Data supplied:
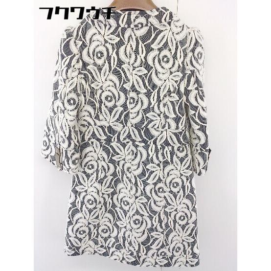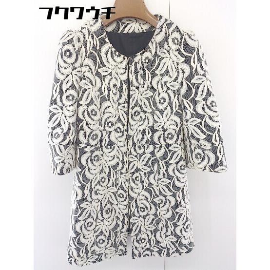 ■ NINE ナイン 総柄 レース 長袖 ノーカラー コート サイズ2 アイボリー ブラック レディース
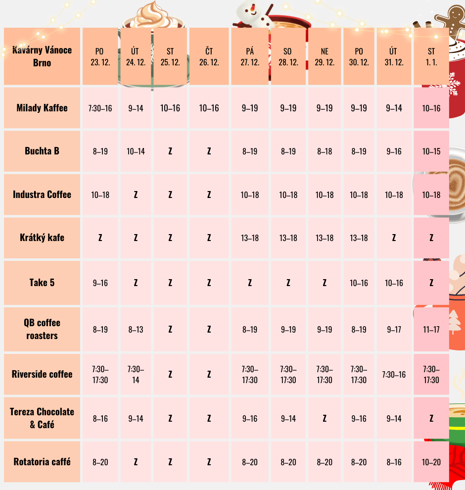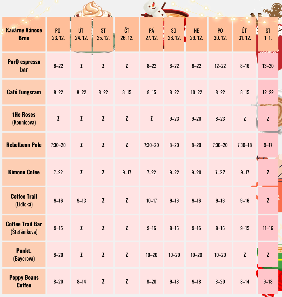 A ono není zas tak jednoduché v závěrečných dvou týdnech roku správně odhadnout, který podnik má otevřeno a kdy. Je potřeba skenovat cíleně sociální sítě, webovky…i tak to někteří mají nalepené jen postaru na dveřích. Přináším tedy přehled oblíbených kaváren v Brně, kde dostanete fajn kafe a současně mají otevřeno aspoň některý den od 23. 12. 2024 do 1. 1. 2025.
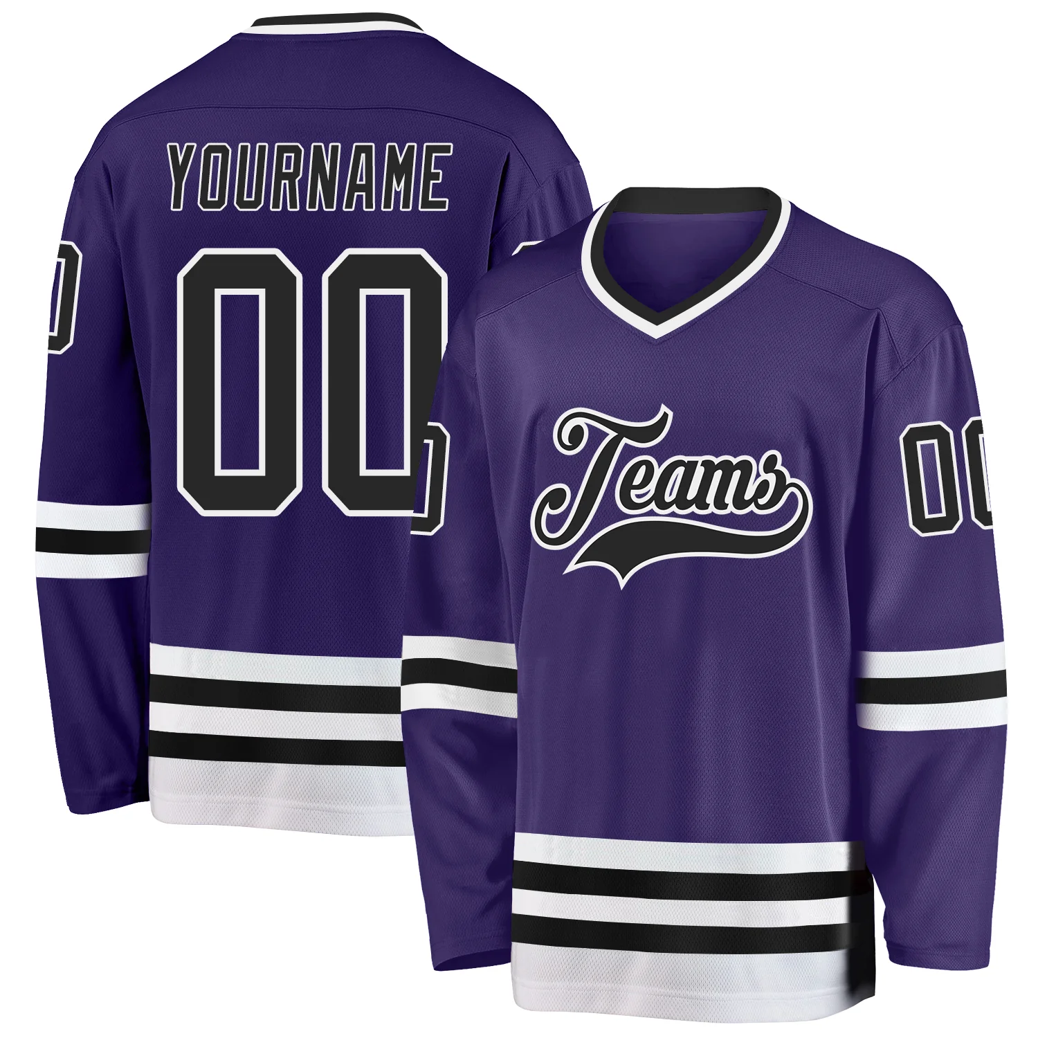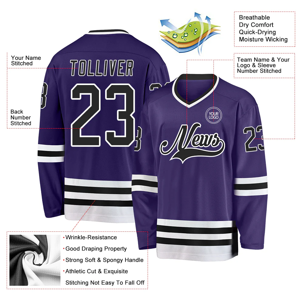 Custom Purple Black-White Hockey Jersey
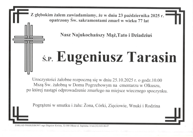 Zmarł śp. Eugeniusz TARASIN (lat 77) – (Olkusz).
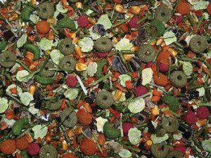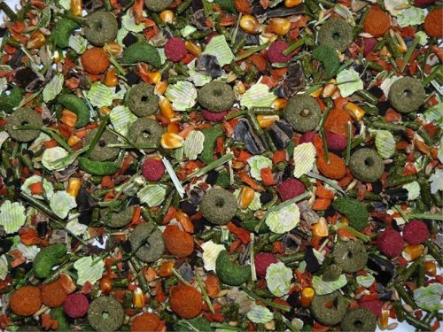 složení: zelenina (mrkev, červená řepa, pastyňák, petržel), vojtěška, hrachové vločky, pšenice, kukuřice, svatojánský chléb, pšeničné vločky, oves, měsíček.
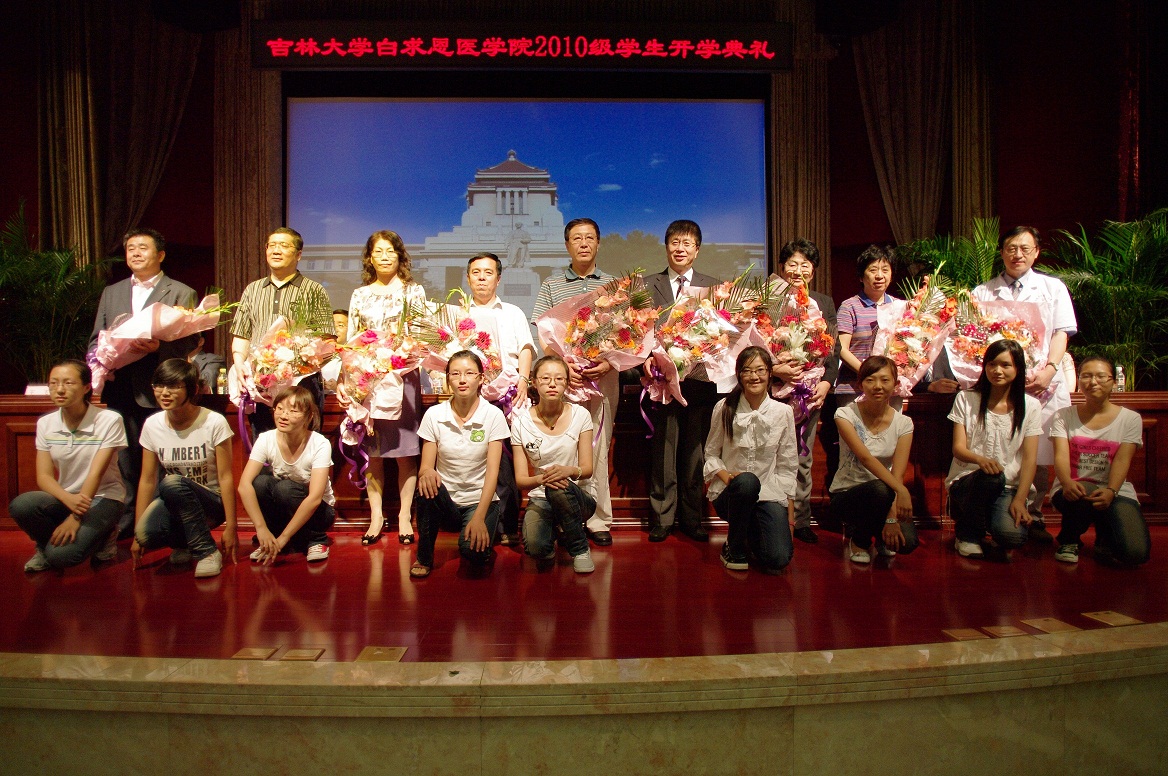 白求恩医公司党委书记屈英和宣布了白求恩医公司2010级新生“名师班主任”名单,王冠军、迟宝荣、马忠森、杨海山、吴江、王育珊、麻彤辉、房学东、杨萍、黄映辉等知名专家分别担任十个班级的“名师班主任”,各班级的新生代表向班主任献花致敬。麻彤辉代表“名师班主任”致辞,他鼓励同学们要放飞梦想、胸怀天下、励志图强,并表示愿为员工提供专业的指导、为员工们的发展保驾护航。2008级临床医学五年制员工李梓萌、2010级白求恩医学班员工王傲分别代表在校生和新生发言。
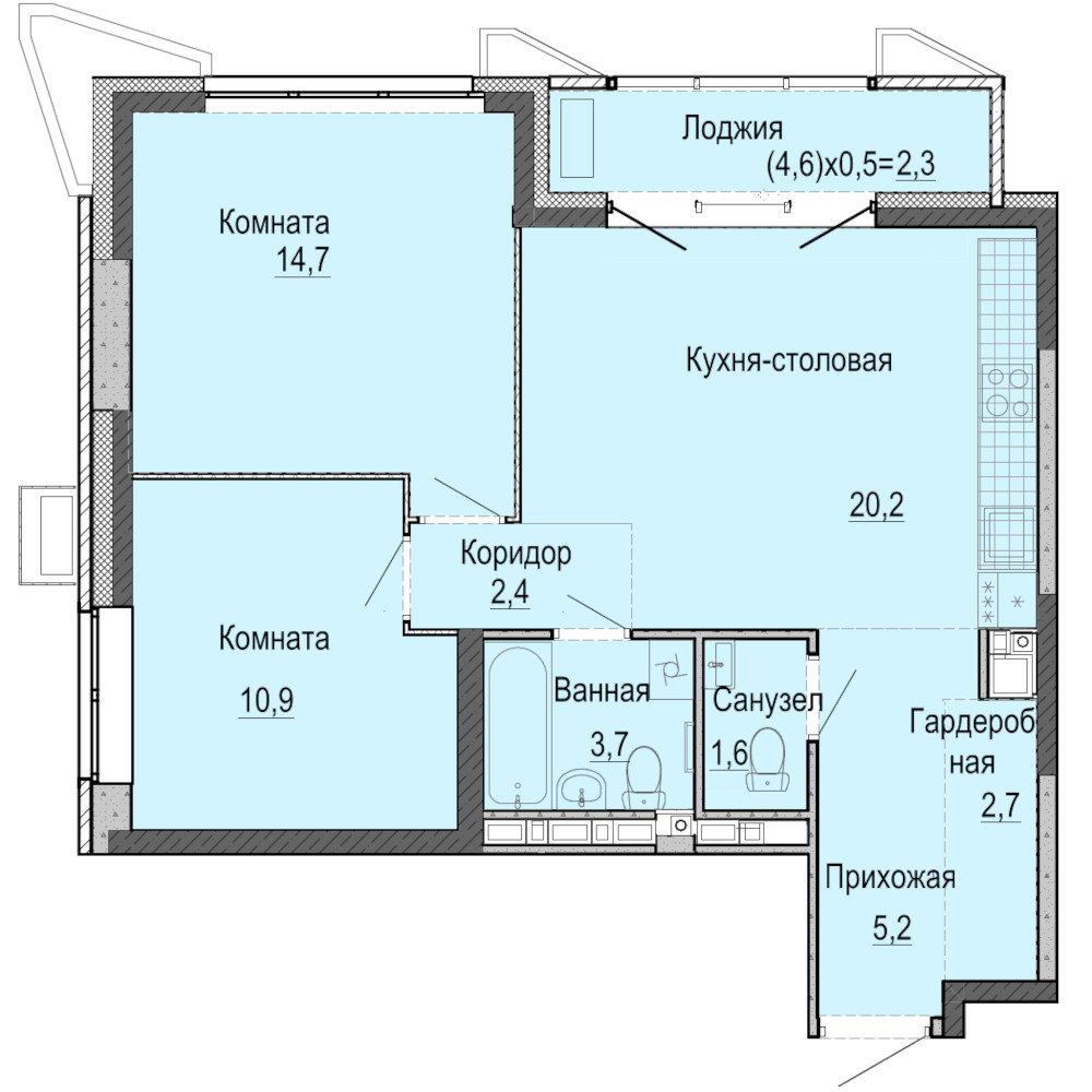 • До передачи квартиры собственнику в ней выполняются все капитальные и грязные работы. Стены подготавливаются под оклейку обоями. На полу выполняется полусухая стяжка со звукоизолирующим слоем. Водопровод и канализация заводятся в помещение с установкой заглушек, подводка до сантехнического оборудования не выполняется, устанавливаются счётчики воды.
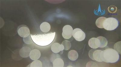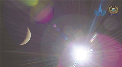 巴基斯坦立方星拍摄的日月合影,左侧为月球,右侧为太阳(5月9日14时38分摄)。
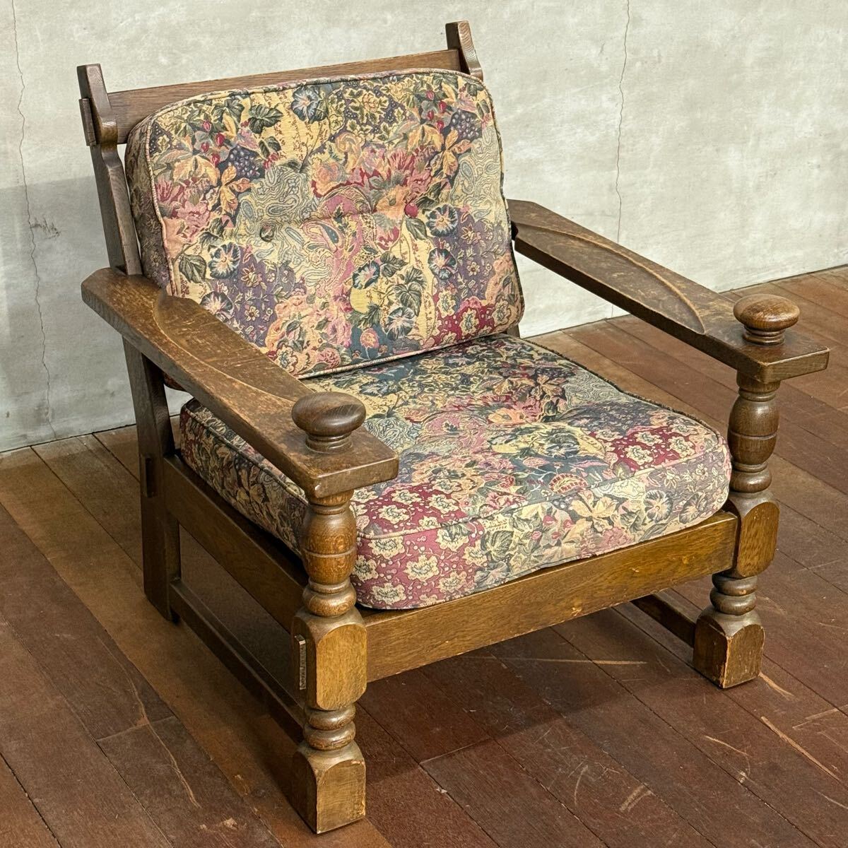 - H15K6 オールドカリモク コロニアル 1人掛けソファ アームチェア シングルソファ 1Pソファ 花柄 ファブリック ヴィンテージ
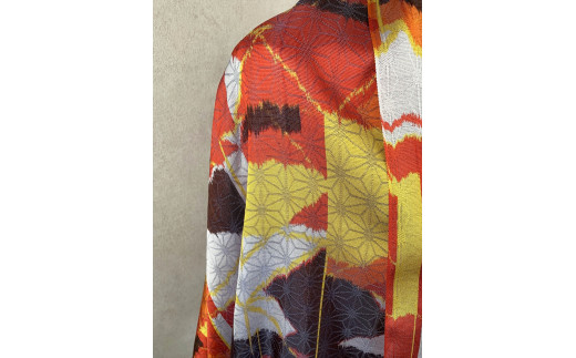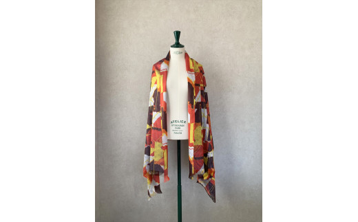 7. ◎海外要人向け贈呈品選出 足利銘仙(ほぐし織り)シルクストール ART.Techno-RJ【海外要人向け 贈呈品 羽織り 大判 シルク ストール 栃木県 足利市 】 F7Z-312
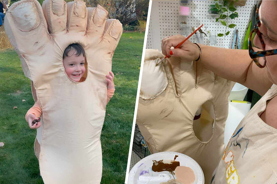 Кристин, которая управляет арт-студией, сама сшила наряд. Она вырезала форму ступни из плотного пеноматериала, покрыла тканью и вручную прошила все швы, специально сделав их «кривыми», чтобы костюм выглядел реалистично. Завершающим штрихом стали «отвратительные длинные ногти» и нарисованные следы грязи и вони.
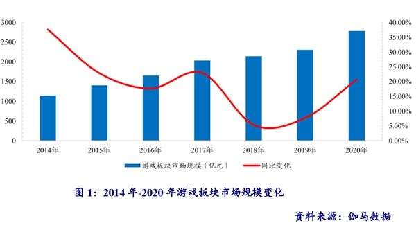 一、中国游戏行业2020年同比增长超过20%,达到2787亿元

Task statement:
In the listing above, find the line with "složení: zelenina (mrkev, červená" and the line with "7. ◎海外要人向け贈呈品選出 足利銘仙(ほぐし織り)シルクストール". Set down exactly those lines and everything between them, skipping pictures.

Your solution:
 složení: zelenina (mrkev, červená řepa, pastyňák, petržel), vojtěška, hrachové vločky, pšenice, kukuřice, svatojánský chléb, pšeničné vločky, oves, měsíček.
 白求恩医公司党委书记屈英和宣布了白求恩医公司2010级新生“名师班主任”名单,王冠军、迟宝荣、马忠森、杨海山、吴江、王育珊、麻彤辉、房学东、杨萍、黄映辉等知名专家分别担任十个班级的“名师班主任”,各班级的新生代表向班主任献花致敬。麻彤辉代表“名师班主任”致辞,他鼓励同学们要放飞梦想、胸怀天下、励志图强,并表示愿为员工提供专业的指导、为员工们的发展保驾护航。2008级临床医学五年制员工李梓萌、2010级白求恩医学班员工王傲分别代表在校生和新生发言。
 • До передачи квартиры собственнику в ней выполняются все капитальные и грязные работы. Стены подготавливаются под оклейку обоями. На полу выполняется полусухая стяжка со звукоизолирующим слоем. Водопровод и канализация заводятся в помещение с установкой заглушек, подводка до сантехнического оборудования не выполняется, устанавливаются счётчики воды.
 巴基斯坦立方星拍摄的日月合影,左侧为月球,右侧为太阳(5月9日14时38分摄)。
 - H15K6 オールドカリモク コロニアル 1人掛けソファ アームチェア シングルソファ 1Pソファ 花柄 ファブリック ヴィンテージ
 7. ◎海外要人向け贈呈品選出 足利銘仙(ほぐし織り)シルクストール ART.Techno-RJ【海外要人向け 贈呈品 羽織り 大判 シルク ストール 栃木県 足利市 】 F7Z-312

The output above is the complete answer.